[Stored items from a collection]
=== Begin Enclosure ===
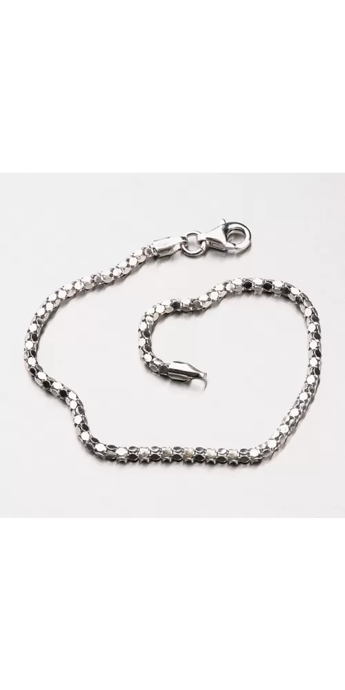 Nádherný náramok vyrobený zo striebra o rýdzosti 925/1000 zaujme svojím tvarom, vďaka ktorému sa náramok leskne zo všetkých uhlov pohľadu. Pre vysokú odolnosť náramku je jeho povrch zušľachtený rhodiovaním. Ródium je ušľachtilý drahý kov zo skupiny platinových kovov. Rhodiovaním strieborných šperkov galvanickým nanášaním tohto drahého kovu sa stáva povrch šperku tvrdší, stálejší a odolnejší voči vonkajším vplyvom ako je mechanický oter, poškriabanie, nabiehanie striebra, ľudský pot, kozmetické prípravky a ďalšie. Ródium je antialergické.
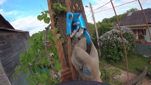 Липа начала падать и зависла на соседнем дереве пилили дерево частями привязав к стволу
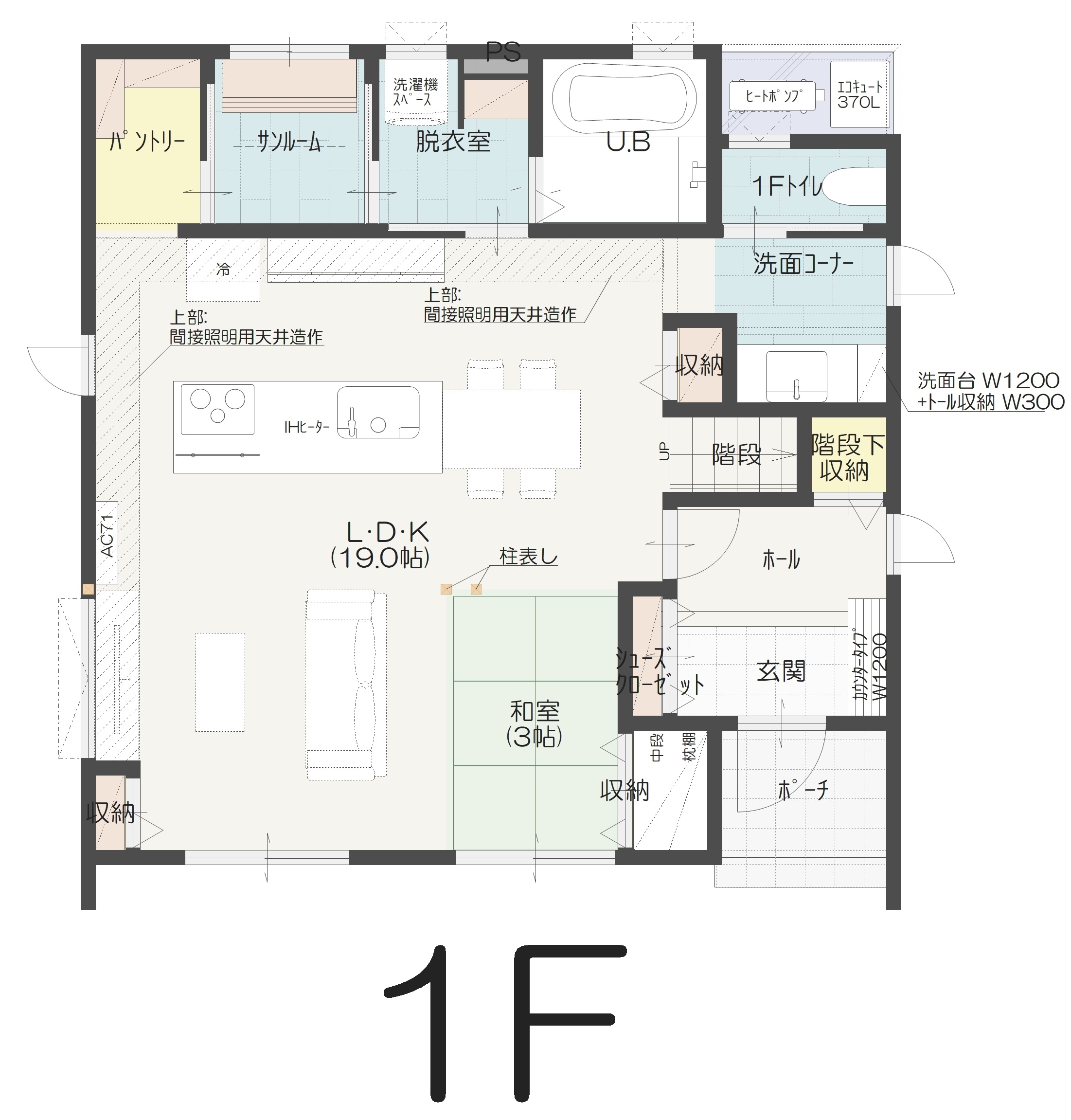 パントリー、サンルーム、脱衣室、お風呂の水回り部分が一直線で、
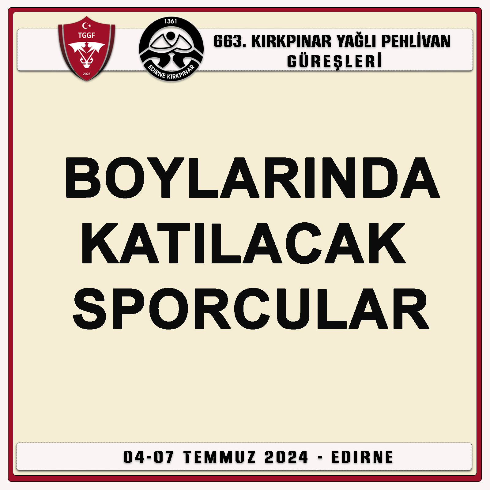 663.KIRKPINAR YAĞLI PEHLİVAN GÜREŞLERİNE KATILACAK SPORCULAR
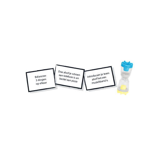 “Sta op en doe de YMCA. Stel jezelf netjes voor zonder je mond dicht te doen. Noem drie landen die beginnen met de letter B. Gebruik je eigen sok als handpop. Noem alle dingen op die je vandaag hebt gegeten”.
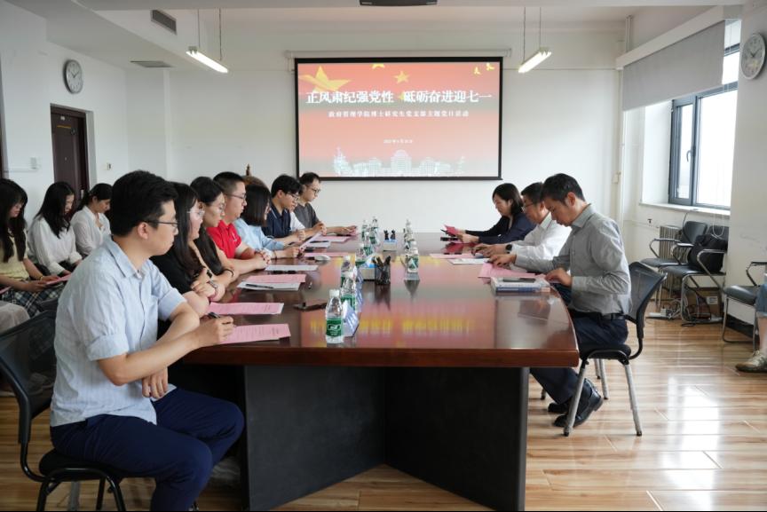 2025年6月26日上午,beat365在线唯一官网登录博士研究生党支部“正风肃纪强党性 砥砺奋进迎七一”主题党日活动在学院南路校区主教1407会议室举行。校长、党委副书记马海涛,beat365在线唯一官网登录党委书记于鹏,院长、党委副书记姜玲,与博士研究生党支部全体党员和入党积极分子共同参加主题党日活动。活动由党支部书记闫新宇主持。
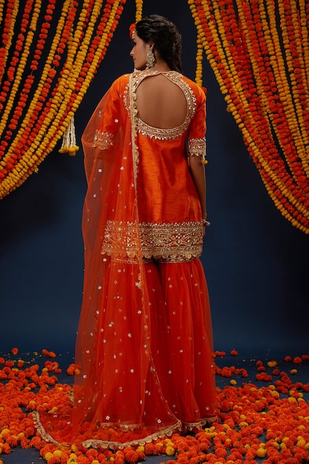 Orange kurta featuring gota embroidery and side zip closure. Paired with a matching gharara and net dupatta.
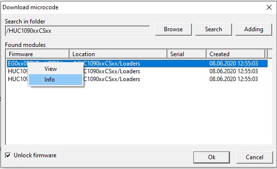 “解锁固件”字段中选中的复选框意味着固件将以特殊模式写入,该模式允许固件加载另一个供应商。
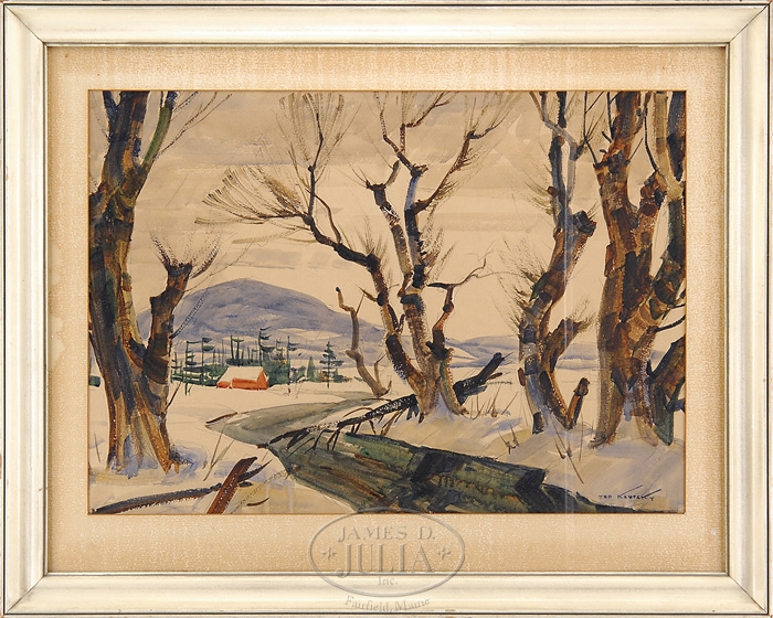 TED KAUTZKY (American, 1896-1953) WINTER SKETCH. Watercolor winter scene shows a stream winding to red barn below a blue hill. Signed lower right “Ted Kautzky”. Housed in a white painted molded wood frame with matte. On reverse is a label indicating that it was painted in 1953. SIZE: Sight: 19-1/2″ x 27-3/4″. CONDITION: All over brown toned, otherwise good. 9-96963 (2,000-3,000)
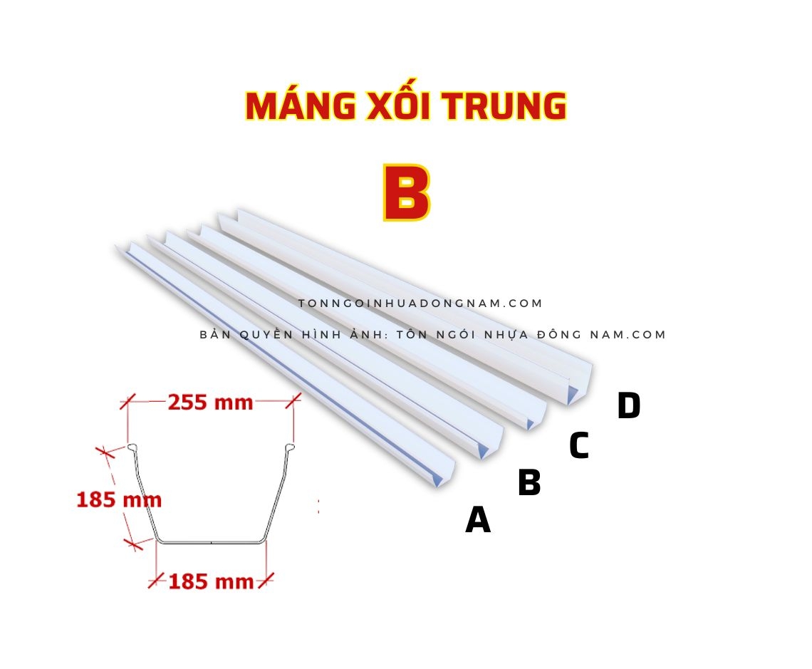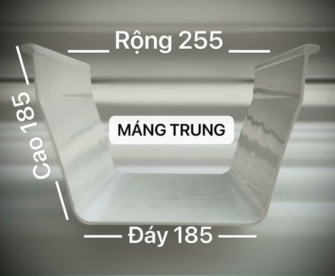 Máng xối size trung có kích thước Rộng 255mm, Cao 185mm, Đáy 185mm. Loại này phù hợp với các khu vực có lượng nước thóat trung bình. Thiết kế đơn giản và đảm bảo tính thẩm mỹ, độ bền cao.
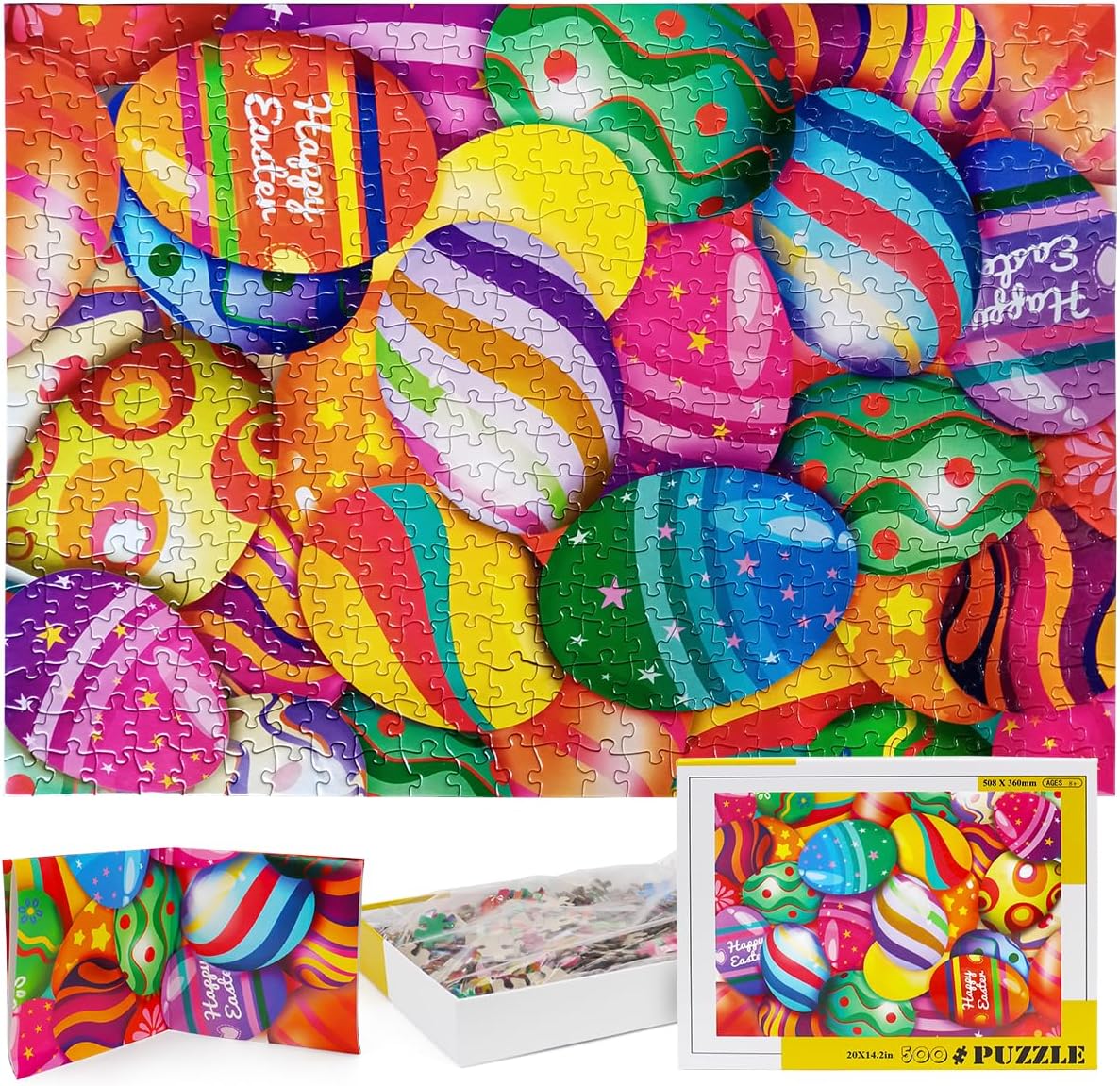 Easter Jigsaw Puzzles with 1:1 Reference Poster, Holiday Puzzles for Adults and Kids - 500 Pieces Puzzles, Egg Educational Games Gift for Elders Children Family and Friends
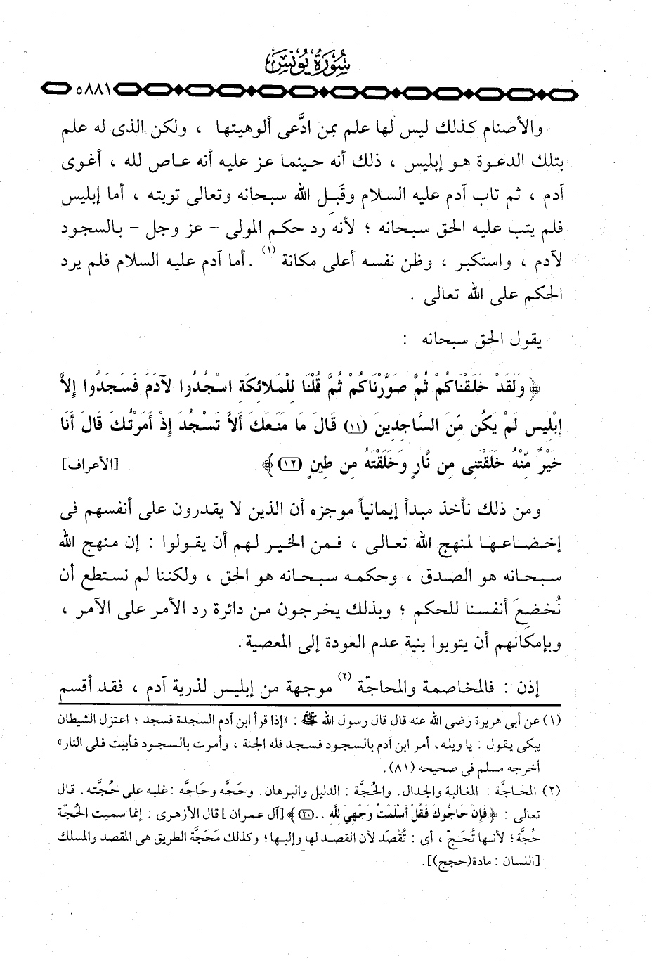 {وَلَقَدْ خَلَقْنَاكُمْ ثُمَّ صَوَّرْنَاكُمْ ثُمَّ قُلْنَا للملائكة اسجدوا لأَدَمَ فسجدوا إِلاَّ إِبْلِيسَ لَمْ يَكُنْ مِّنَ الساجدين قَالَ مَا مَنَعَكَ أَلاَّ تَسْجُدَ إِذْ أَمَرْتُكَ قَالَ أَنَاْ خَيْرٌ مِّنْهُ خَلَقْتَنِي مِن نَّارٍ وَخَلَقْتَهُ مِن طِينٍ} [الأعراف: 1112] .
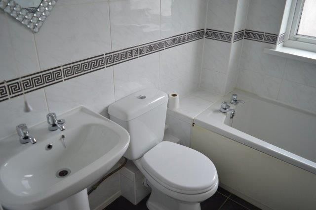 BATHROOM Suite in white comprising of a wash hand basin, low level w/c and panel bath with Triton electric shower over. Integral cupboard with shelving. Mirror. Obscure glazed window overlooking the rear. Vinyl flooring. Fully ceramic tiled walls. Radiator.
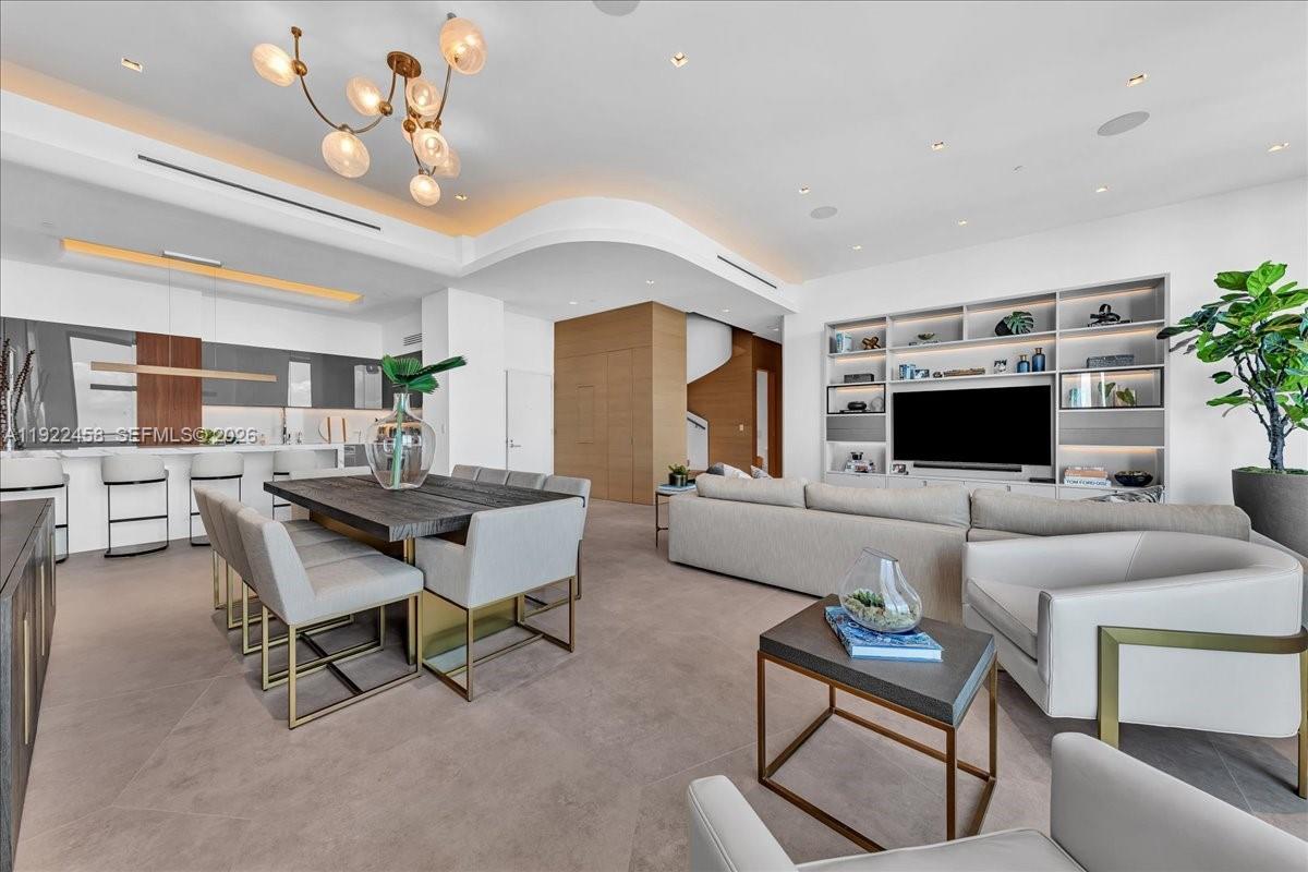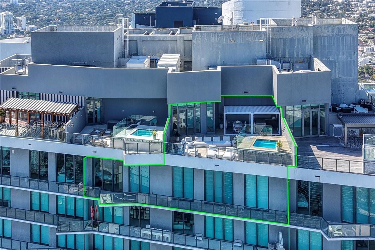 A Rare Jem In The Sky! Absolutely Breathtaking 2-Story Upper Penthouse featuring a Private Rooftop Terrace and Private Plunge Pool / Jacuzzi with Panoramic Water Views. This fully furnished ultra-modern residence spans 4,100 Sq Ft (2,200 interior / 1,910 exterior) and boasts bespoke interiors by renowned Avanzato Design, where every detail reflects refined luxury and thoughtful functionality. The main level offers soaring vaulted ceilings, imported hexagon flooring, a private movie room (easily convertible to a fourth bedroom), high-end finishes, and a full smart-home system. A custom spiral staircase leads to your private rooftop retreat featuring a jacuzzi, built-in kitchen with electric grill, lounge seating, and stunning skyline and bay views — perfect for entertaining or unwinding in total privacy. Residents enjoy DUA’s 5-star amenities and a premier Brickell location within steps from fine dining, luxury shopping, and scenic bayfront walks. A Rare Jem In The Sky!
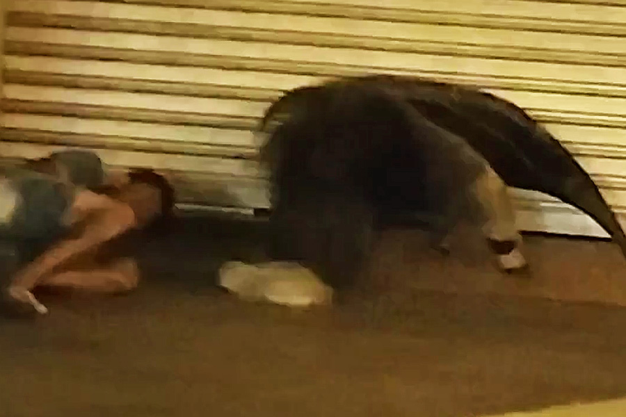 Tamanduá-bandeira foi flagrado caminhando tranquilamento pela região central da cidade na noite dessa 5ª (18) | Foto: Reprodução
=== End Enclosure ===
Give exactly the lines above that run from the line with "663.KIRKPINAR YAĞLI PEHLİVAN" to the line with "Máng xối size", both included, leaving every picture out.

 663.KIRKPINAR YAĞLI PEHLİVAN GÜREŞLERİNE KATILACAK SPORCULAR
 “Sta op en doe de YMCA. Stel jezelf netjes voor zonder je mond dicht te doen. Noem drie landen die beginnen met de letter B. Gebruik je eigen sok als handpop. Noem alle dingen op die je vandaag hebt gegeten”.
 2025年6月26日上午,beat365在线唯一官网登录博士研究生党支部“正风肃纪强党性 砥砺奋进迎七一”主题党日活动在学院南路校区主教1407会议室举行。校长、党委副书记马海涛,beat365在线唯一官网登录党委书记于鹏,院长、党委副书记姜玲,与博士研究生党支部全体党员和入党积极分子共同参加主题党日活动。活动由党支部书记闫新宇主持。
 Orange kurta featuring gota embroidery and side zip closure. Paired with a matching gharara and net dupatta.
 “解锁固件”字段中选中的复选框意味着固件将以特殊模式写入,该模式允许固件加载另一个供应商。
 TED KAUTZKY (American, 1896-1953) WINTER SKETCH. Watercolor winter scene shows a stream winding to red barn below a blue hill. Signed lower right “Ted Kautzky”. Housed in a white painted molded wood frame with matte. On reverse is a label indicating that it was painted in 1953. SIZE: Sight: 19-1/2″ x 27-3/4″. CONDITION: All over brown toned, otherwise good. 9-96963 (2,000-3,000)
 Máng xối size trung có kích thước Rộng 255mm, Cao 185mm, Đáy 185mm. Loại này phù hợp với các khu vực có lượng nước thóat trung bình. Thiết kế đơn giản và đảm bảo tính thẩm mỹ, độ bền cao.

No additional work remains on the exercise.